• **DATA FOR THE TASK**:
*** Begin section ***

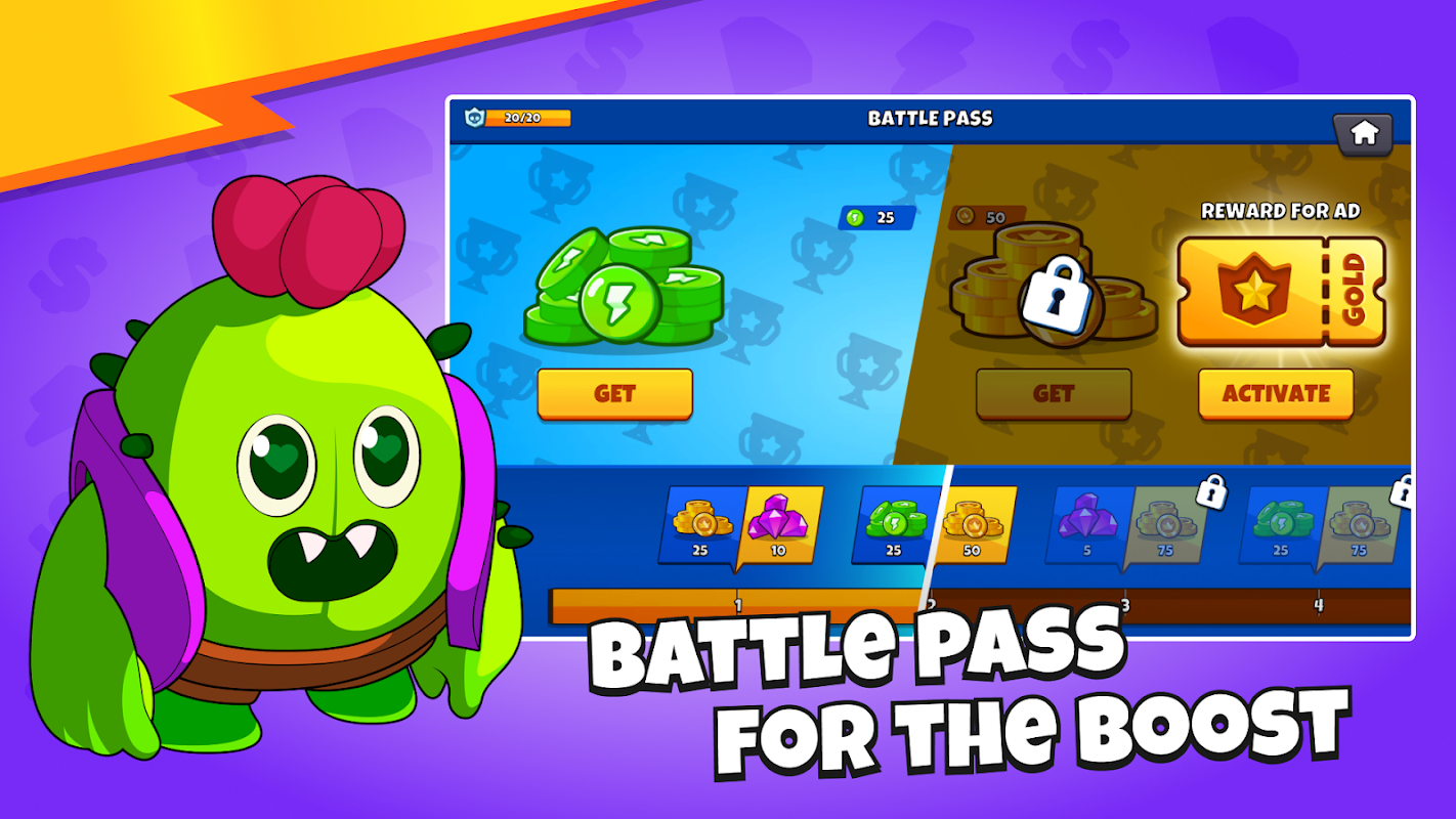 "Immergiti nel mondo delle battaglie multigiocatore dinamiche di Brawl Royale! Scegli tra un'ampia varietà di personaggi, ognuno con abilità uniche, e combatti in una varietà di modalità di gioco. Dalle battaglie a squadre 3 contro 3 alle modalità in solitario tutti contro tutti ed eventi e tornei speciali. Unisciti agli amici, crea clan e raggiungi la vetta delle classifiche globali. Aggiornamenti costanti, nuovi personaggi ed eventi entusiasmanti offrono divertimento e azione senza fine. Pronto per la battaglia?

*** End section ***
*** Begin section ***

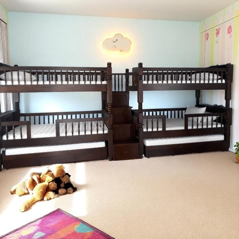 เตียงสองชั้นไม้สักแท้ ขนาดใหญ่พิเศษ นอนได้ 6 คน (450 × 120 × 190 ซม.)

*** End section ***
*** Begin section ***

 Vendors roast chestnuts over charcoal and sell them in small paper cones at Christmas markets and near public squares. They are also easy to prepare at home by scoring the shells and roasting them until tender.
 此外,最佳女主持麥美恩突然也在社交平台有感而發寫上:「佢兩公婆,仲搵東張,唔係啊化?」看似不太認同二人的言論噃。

*** End section ***

• **WHAT TO DO**: Exactly the lines above from the one with "Vendors roast chestnuts" to the one with "此外,最佳女主持麥美恩突然也", both included, are to be quoted; leave the rest out.

• **ANSWER SECTION**:
 Vendors roast chestnuts over charcoal and sell them in small paper cones at Christmas markets and near public squares. They are also easy to prepare at home by scoring the shells and roasting them until tender.
 此外,最佳女主持麥美恩突然也在社交平台有感而發寫上:「佢兩公婆,仲搵東張,唔係啊化?」看似不太認同二人的言論噃。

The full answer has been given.